Dashiki Dialogues: White solidarity is the core of racism

2013-06-23 14:00

Solidarity, the trade union operating on the right wing of our national body politic, is failing to deracialise white labour politics.

Their recent complaint against the SA Airways (SAA) cadet pilot programme’s transformation efforts only serve to make the union a stain on the fabric of our history.

Here are the facts, if you missed them: out of the 5?200 applicants for SAA’s cadet pilot programme, only 40 candidates made it to final selection from a shortlist of 271.

These included 10 African men and four women, nine coloured men and one woman, seven Indian men and two women, and seven white women. In response to this selection, Solidarity cried racism.

They complained that the national carrier’s focus on selecting candidates from previously disadvantaged groups is racist because it didn’t include white males.

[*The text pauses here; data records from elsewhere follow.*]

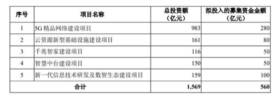 根据此前发布的公告,中国移动本次募集资金投资项目聚焦其主营业务,包括5G精品网络建设项目、云资源新型基础设施建设项目、千兆智家建设项目、智慧中台建设项目、新一代信息技术研发及数智生态建设项目。其中,拟投入的5G精品网络建设项目的募集资金金额达到280亿元,占到了此次募集资金总额的一半。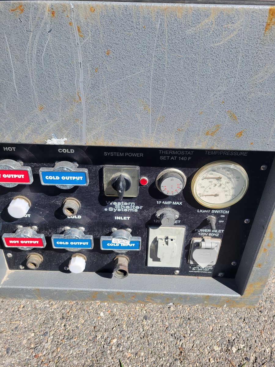 ApplePayThis is a heavy-duty Western Shelter Systems DWH-250 portable water heating unit, designed for field hospitals, emergency shelters, and remote operations. The system is built into a rugged, wheeled transport case for easy deployment. It utilizes a Beckett burner assembly for high-efficiency heating.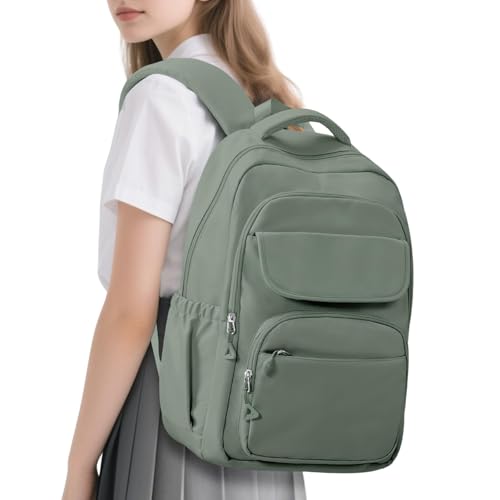 HYC00 Skolryggsäck Flicka Tonåring Ryggsäck Lätt Skolväska Flicka Pojkar Skolväskor Fritidsryggsäck för Kvinnor Bokväskor Högskola Vattentålig Laptop Ryggsäck Dam 15.6 Tum College Bag,Armégrön

But they don’t complain about the fact that, presently, 85% of SAA’s pilots are reportedly white, and that 90% of these are men.

The numbers show clearly what should be done to transform the aviation sector, even if Solidarity can’t seem to add them up.

Solidarity’s cries only function to keep labour racialised, in opposition to the national agenda of fighting racism.

The debacle may help us understand how the white working class helped sustain apartheid by insisting on their whiteness as a group, thanks to formations like Solidarity.

I contend that darkies overcame their racial identity for the good of the nation when they embraced Indians, coloureds and Chinese into the bracket of blackness.

This is all thanks to the black consciousness movement, and its dictums such as “blacks can’t be racists” and “black is not a matter of pigmentation, but a reflection of a mental attitude”.

The whole thing shored up race and racism in South Africa as a white problem.

I’m reminded of writer David Roediger’s magnum opus, The Wages Of Whiteness: Race and the Making of the American Working Class, which investigates not just how the US’ white working class at critical junctures is manipulated into racism, but that it comes to think of itself and its interests as white.

I contend that in our collective haste to blame National Party leaders for racial oppression and apartheid, we may have failed to consider how that system of white supremacy was, in part, a creation of the white working class, represented today by the likes of Solidarity.

They reminded me that, at our darkest moment, white labour didn’t just receive racist ideas, but embraced, adopted and, at times, murderously acted upon those ideas.

This may be a tough dialogue, but we must cleanse its dirty dashikis.